> _Task statement_
Copy out the data below from the line containing "イカ丼を味わう参加の皆さん。" to the line containing "PRO-VARI liefert Zinsbindungsfiktionen", both lines included, with all images left out.

> _Provided records_
▽

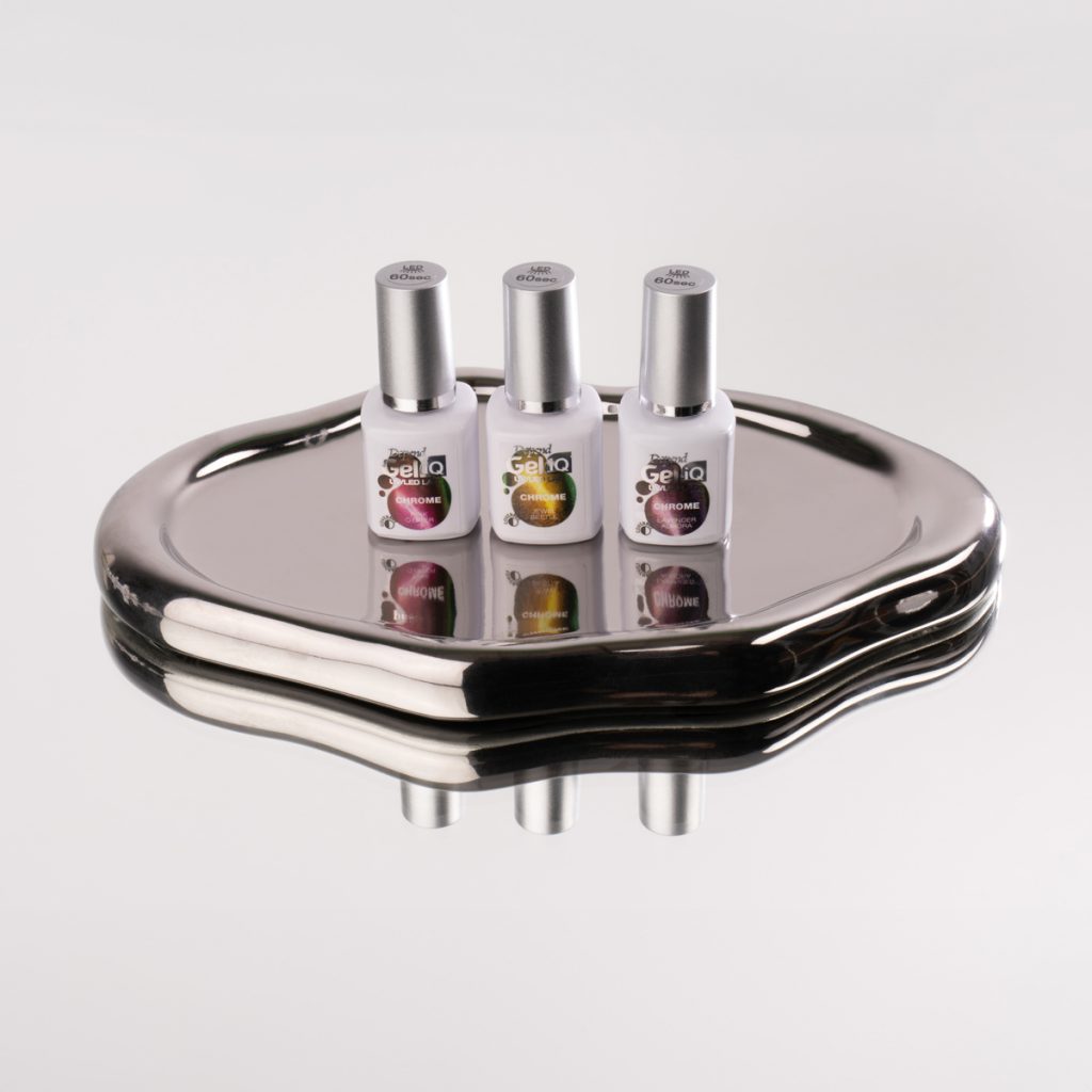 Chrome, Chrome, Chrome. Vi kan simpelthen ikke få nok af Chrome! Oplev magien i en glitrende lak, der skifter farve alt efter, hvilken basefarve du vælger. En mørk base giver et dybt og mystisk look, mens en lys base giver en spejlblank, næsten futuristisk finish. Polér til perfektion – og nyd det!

△
▽

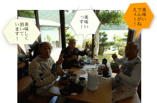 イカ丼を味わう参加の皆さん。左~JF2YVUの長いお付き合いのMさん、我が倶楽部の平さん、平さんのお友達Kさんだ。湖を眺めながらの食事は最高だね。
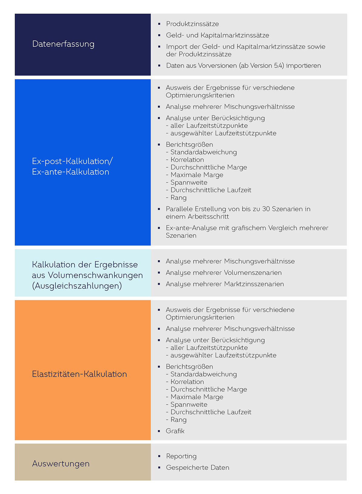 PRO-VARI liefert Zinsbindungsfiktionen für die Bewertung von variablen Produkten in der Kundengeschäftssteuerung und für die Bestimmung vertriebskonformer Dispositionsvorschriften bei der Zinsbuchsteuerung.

△
▽

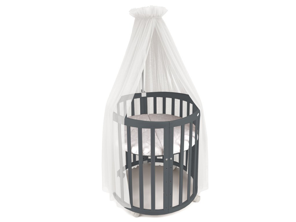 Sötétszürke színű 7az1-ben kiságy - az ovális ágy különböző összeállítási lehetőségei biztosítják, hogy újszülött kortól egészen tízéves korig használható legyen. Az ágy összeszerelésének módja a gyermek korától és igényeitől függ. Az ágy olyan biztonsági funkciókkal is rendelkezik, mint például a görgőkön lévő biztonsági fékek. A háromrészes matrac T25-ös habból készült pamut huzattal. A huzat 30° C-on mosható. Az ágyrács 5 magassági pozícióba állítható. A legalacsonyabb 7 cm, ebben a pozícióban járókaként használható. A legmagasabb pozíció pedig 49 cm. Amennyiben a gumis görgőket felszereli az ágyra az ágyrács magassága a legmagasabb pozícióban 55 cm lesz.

△

> _Solution for this task_
 イカ丼を味わう参加の皆さん。左~JF2YVUの長いお付き合いのMさん、我が倶楽部の平さん、平さんのお友達Kさんだ。湖を眺めながらの食事は最高だね。
 PRO-VARI liefert Zinsbindungsfiktionen für die Bewertung von variablen Produkten in der Kundengeschäftssteuerung und für die Bestimmung vertriebskonformer Dispositionsvorschriften bei der Zinsbuchsteuerung.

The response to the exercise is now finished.